Overseas Real Estate
Millions of Dollars Could Be Generated by Selling Unneeded Real Estate Gao ID: NSIAD-96-36 April 23, 1996The State Departments owns more than $10 billion in real estate at 200 locations overseas. GAO reviewed State's efforts to identify and sell excess or underused real estate and to use the proceeds for other high-priority real property needs. GAO reported in 1995 (GAO/NSIAD-95-73) on the potential budget savings from selling expensive property in Tokyo and on the problems in State's management of properties abroad. This report (1) identifies real estate at other locations that could possibly be sold to provide money to meet other real estate needs, (2) describes problems that State has had in deciding which properties to dispose of, and (3) explains how State uses the proceeds from the properties it does sell.
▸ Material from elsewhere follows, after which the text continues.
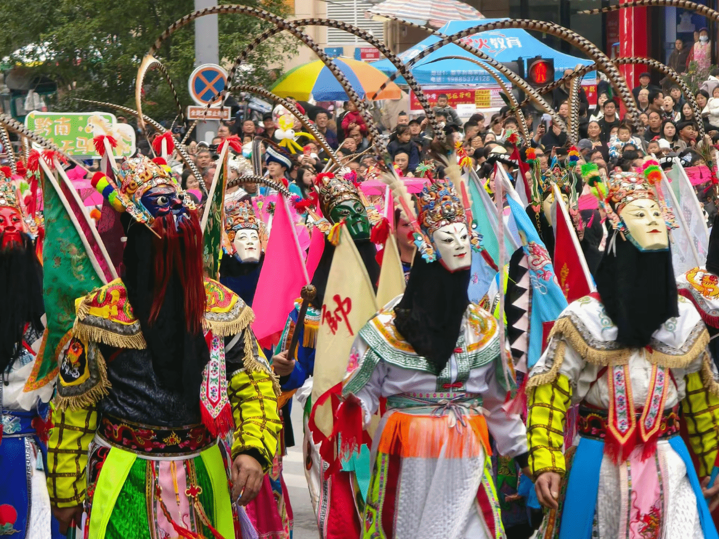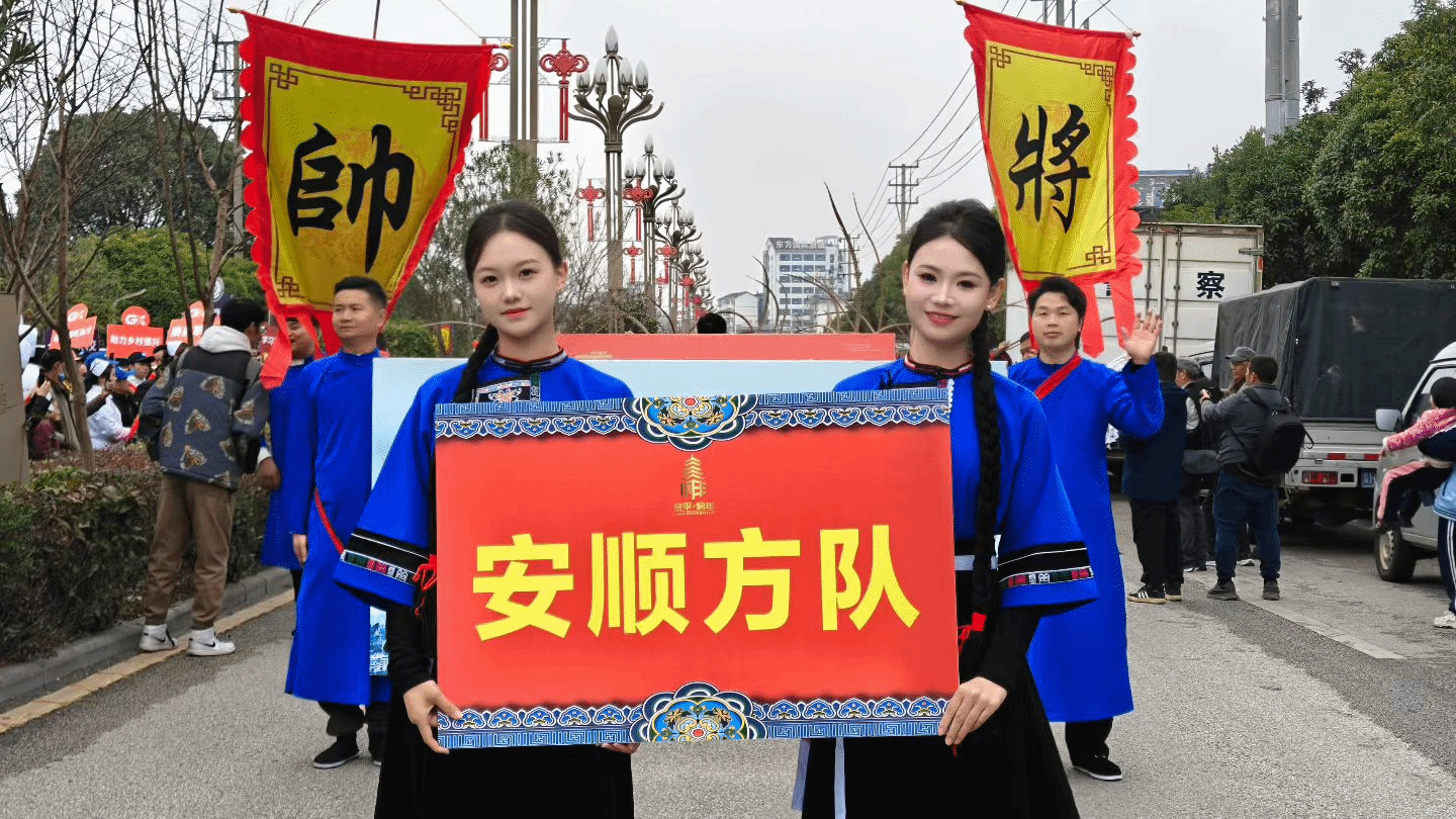 巡游中,5位学子身着色彩明丽、纹样精致的安顺屯堡服饰,头戴特色饰物,步伐整齐、仪态端庄,充分展现了航空服务艺术与管理专业学生良好的形象气质与专业素养。他们与地戏队员同台展演,屯堡服饰的庄重典雅与地戏表演的质朴豪迈相映生辉,将安顺深厚的屯堡文化与非遗魅力呈现得淋漓尽致。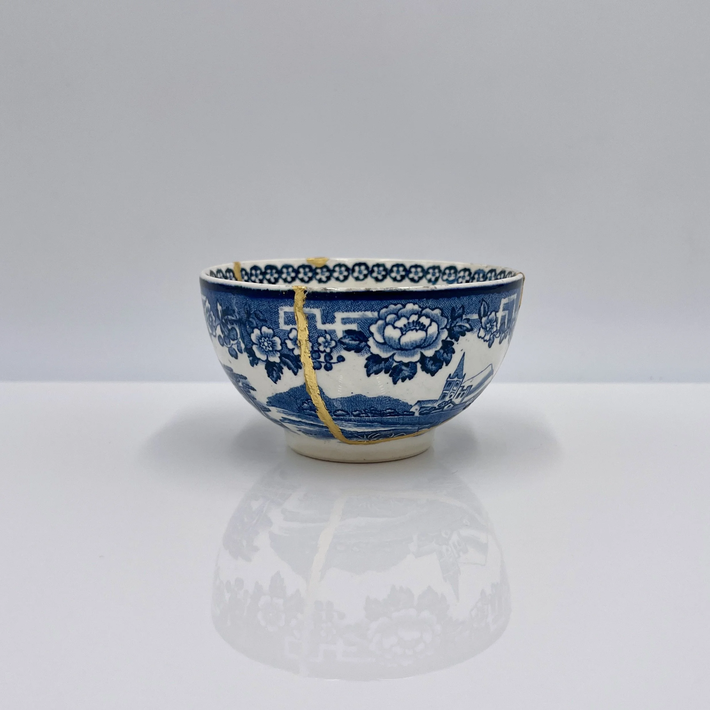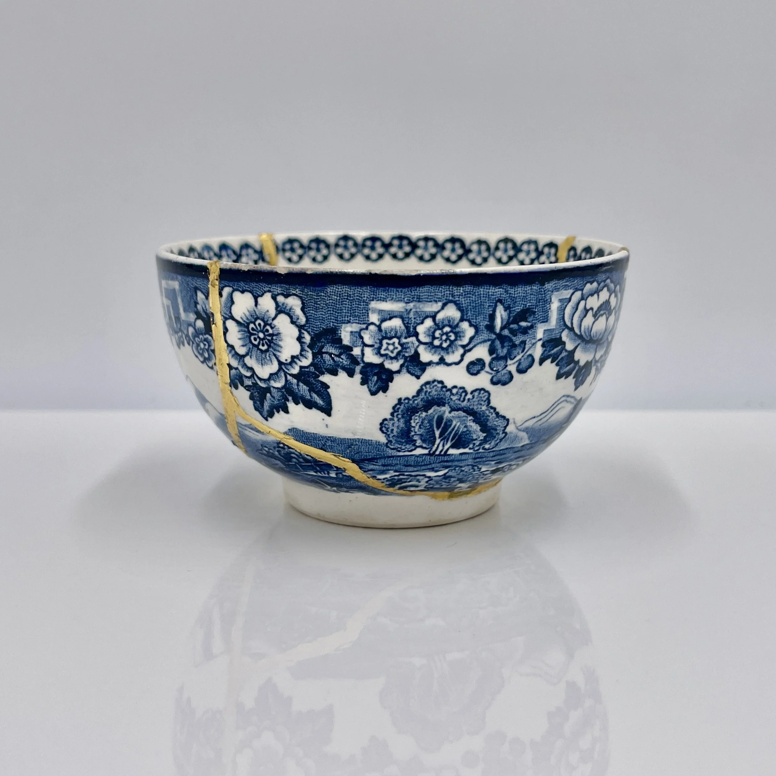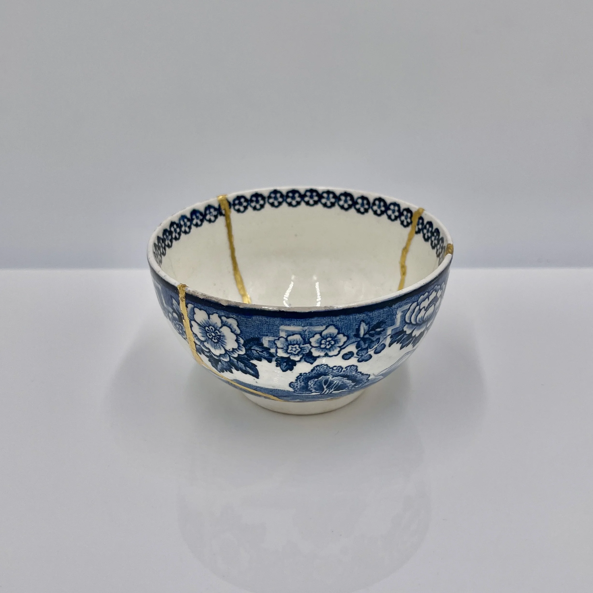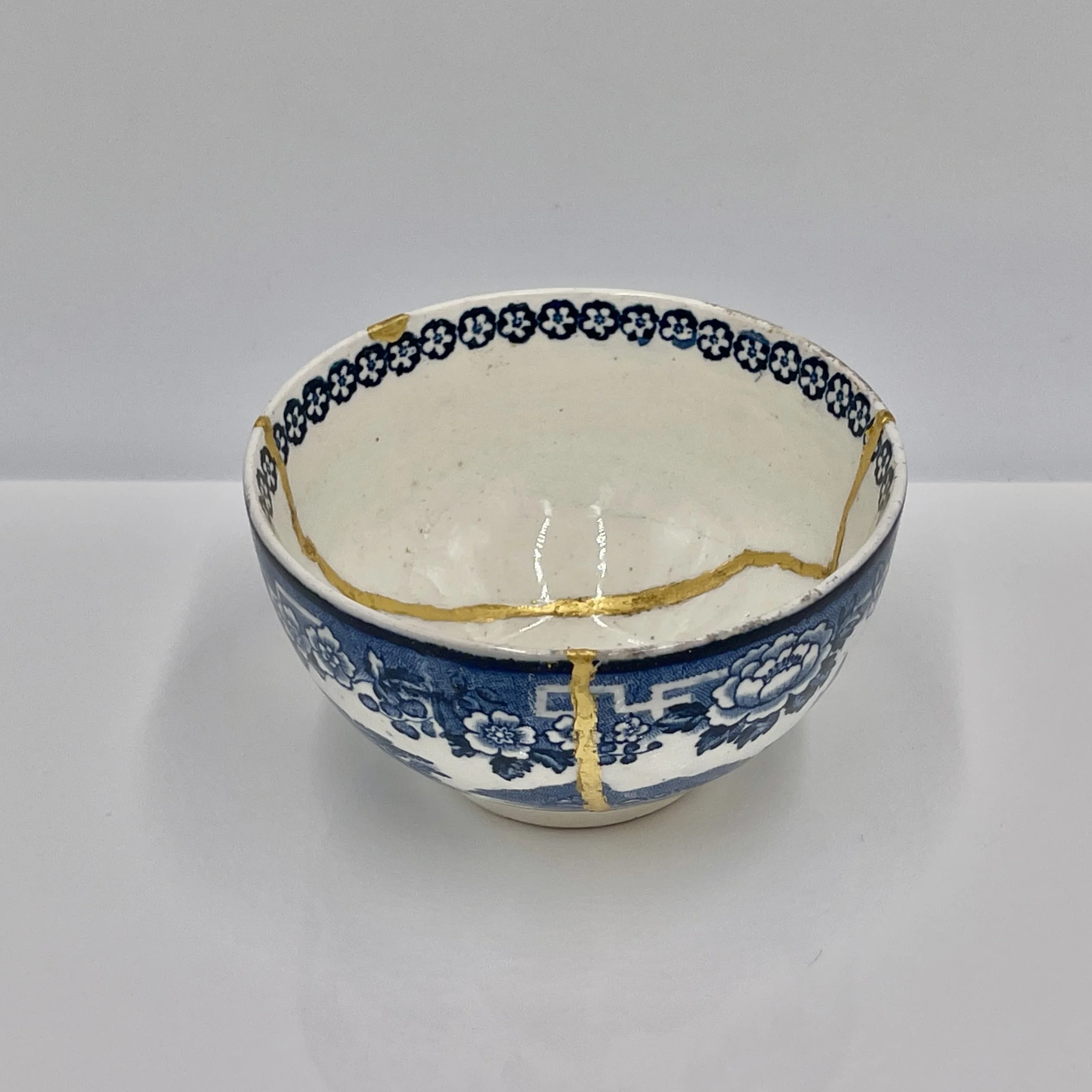 The piece has been finished with gold detailing on the rim and gold leaf highlighting the repairs in the style of Kintsugi on the external parts of the globe, whilst internally the damage is visible without being highlighted.

GAO found that: (1) from 1990 to 1995, State sold $133 million in real estate, which was a small part of its total excess or underused property; (2) State does not have a standard process for identifying and selling excess or underused real estate; (3) in practice, excess or underused property is not identified or sold without the assistance of an embassy; (4) the use of the funds from property sales is the only incentive that the embassies have to identify and sell excess or underused real estate; (5) State does not ensure that the profits from the sale of property go to its most urgent real estate needs worldwide; and (6) the proceeds from the sale of property are generally allowed to be used by the corresponding embassy.